CLAUDIO SESSA E STEFANO ZENNI

Curatore di “Mister Jelly Roll” di ALAN LOMAX dialoga con STEFANO ZENNI autore di “Louis Armstrong. Satchmo: oltre il mito del jazz”.

Conduce l’incontro Alessandro Rigolli

 

“Lo senti questo riff? – disse – Ora lo chiamano Swing, ma è solo una piccola cosa che ho inventato un sacco di tempo fa”. Questa frase che ammicca dalla candida quarta di copertina di questo libro raccoglie l’essenza delle quasi 370 pagine che ricostruiscono la vicenda di una delle figure più emblematiche – e se vogliamo, mitizzate – della storia del jazz. Protagonista di questo volume è Jelly Roll Morton, al secolo Ferdinand Joseph LaMothe, pianista di New Orleans, personaggio il cui profilo si muove ambiguo tra il lascito musicale e la figura provocatoria di un artista che si autodefiniva “l’inventore del jazz”. “Mister Jelly Roll” viene raccontato in queste pagine – per la prima volta (e meritoriamente) edite nel nostro paese da Quodlibet nell’ambito collana “Chorus” curata da Claudio Sessa – grazie al lavoro di Alan Lomax, grande etnomusicologo scomparso nel 2002 che ha contribuito in maniera fondamentale alla conoscenza delle espressioni musicali di matrice popolare che dal blues arrivano al jazz.

Come evidenzia Stefano Zenni nella sua interessante introduzione: “Il libro Mr. Jelly Roll è stato per decenni l’unica biografia mortoniana da cui emergono con nettezza certi tracci caratteriali dell’uomo. Rafforzata da discutibili testimonianze di altri colleghi, ha modellato l’immagine dell’uomo come un narcisista, presuntuoso e soprattutto menzognero, sempre pronto ad aggiustare i fatti (a partire dalla sua data di nascita) alle necessità del proprio ego e della primogenitura nel jazz e nel blues”. 

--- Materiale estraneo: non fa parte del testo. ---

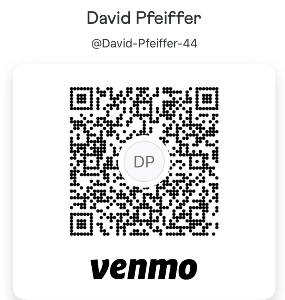 To Pay: Online (preferred) – Venmo: @David-Pfeiffer-44
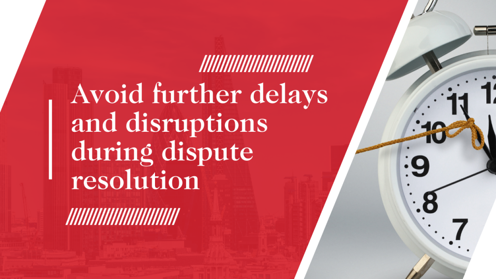 Whatever the extent of the delay and disruption caused it is necessary to prioritise safeguarding the construction programme. This means that the contracting parties must find a way to maintain progress on site while attempting to resolve their differences. This is because stopping work to engage in dispute resolution simply exacerbates the delay to the completion of the project which will invariably have increased cost consequences for all parties.

Al di là delle revisioni e delle verifiche storiche delle quali è stato oggetto, questo lavoro, come rileva Sessa nella sua “Nota”, “è da decenni uno dei “testi sacri” per chiunque si occupi di jazz [anche perché] l’ombra immensa di Jelly Roll Morton si staglia su buona parte di ciò che ascoltiamo, e non solo perché ogni jazzista non può far altro che continuare a “suonare del Jelly Roll”.